For many of us, we are lucky to have family members and friends. We cannot imagine having no one to turn to in times of need or crisis, or even just someone to call and say hello. But there are people in this situation. And among them, people who not only have no one to rely on or turn to, but who also have intellectual disabilities and are unable to make decisions about their own well-being. It is a sad reality, and these individuals are the most vulnerable in our communities.
Under the leadership of Guardianship Director Nicole Iole, JF&CS currently serves as legal guardian for more than 100 individuals (wards) deemed by the courts to be incompetent to make decisions regarding their health and/or welfare. They may have Alzheimer’s disease and other dementias, chronic mental illness, a brain injury or developmental disability. But they all have one thing in common: they need protection. They need someone who is legally responsible for decisions regarding their health and welfare and for the prudent use and protection of their assets. That is what JF&CS, as guardian, provides for people like Ted*.

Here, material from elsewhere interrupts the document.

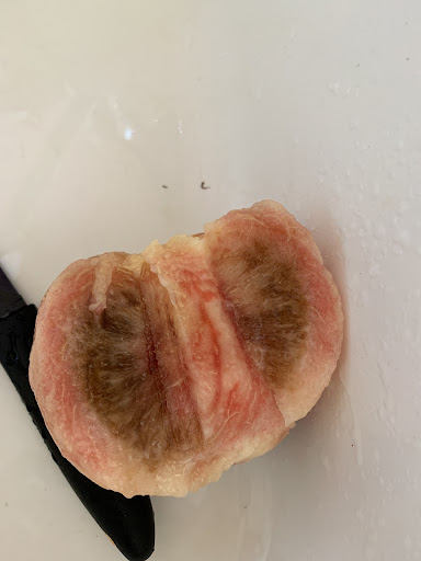 Read more何度も利用させてもらっていますが、パック入りの(箱入りではない)モモやスモモではさんざん痛い目に遭ってます。 午後に残っているような残り物ではほとんど、潤沢にあるうちに選んだものでも4割以上で大きな痛みや虫食いを経験しています(大抵ネットで隠されているので避けるのは難しいです)。 今回は(店員さんの目を盗んで)ネットを外して表面に痛みがないモノを確認して選んだのですが、切ってみると添付写真のように中だけ全周にわたってグジュグジュに痛んでいました。 3個1500円のモモの2個半がコレだったのでショックです。 農協の選果場ではじかれたのをここで売り抜けようとしてるんですかね?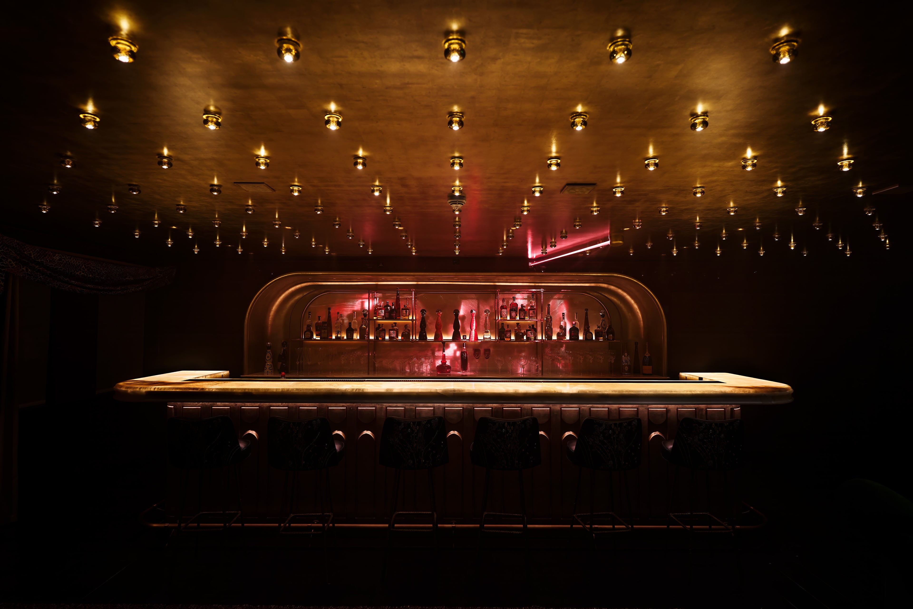 Under a shower of golden light, time stands still. A cocktail bar with a sinuous design, a soft atmosphere, and the magnetic charm of a London underground that never sleeps. Where the architecture of light becomes emotion.

Ted, a long-term resident at a state institution, was a diagnosed schizophrenic, intensely fearful and had extreme difficulty communicating with others. He suffered from additional mental health and mental retardation issues that affected his quality of life and his ability to care for himself and make appropriate decisions. Because of his intense fears and mental issues, Ted would often make poor decisions and would avoid emergency care and treatments when he needed medical intervention. He was unable to provide for himself and ensure his own safety and wellbeing.

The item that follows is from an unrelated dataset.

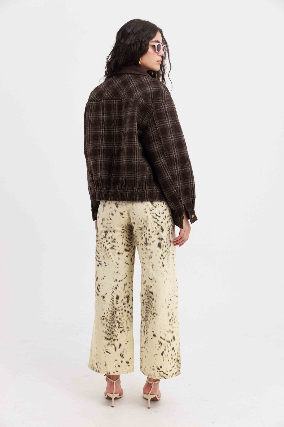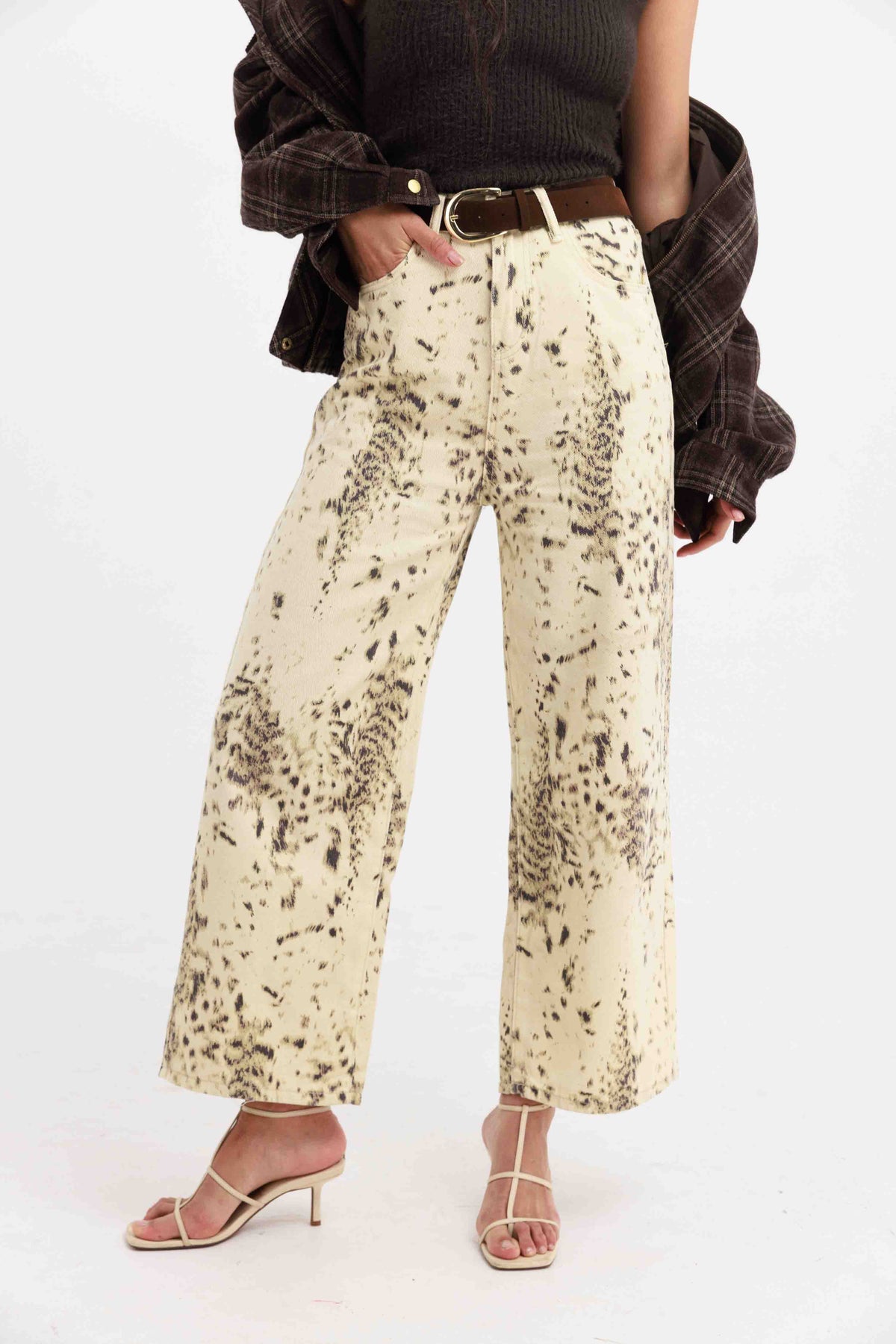 מכנסי ג׳ינס בגזרה רחבה עם הדפס בסגנון טאי-דאי עדין, המעניק למכנסיים מראה אקלקטי וצבעוני

Ted was appointed a guardian through JF&CS while he was institutionalized to make placement decisions and ensure that appropriate services were in place for his success. JF&CS’s duties as guardian of person include developing, coordinating and monitoring professional services needed by the individual ward, such as determining and monitoring residential care, consenting to and monitoring medical care and non-medical services such as education, training, social/wellness opportunities and counseling, and making end-of-life decisions when needed.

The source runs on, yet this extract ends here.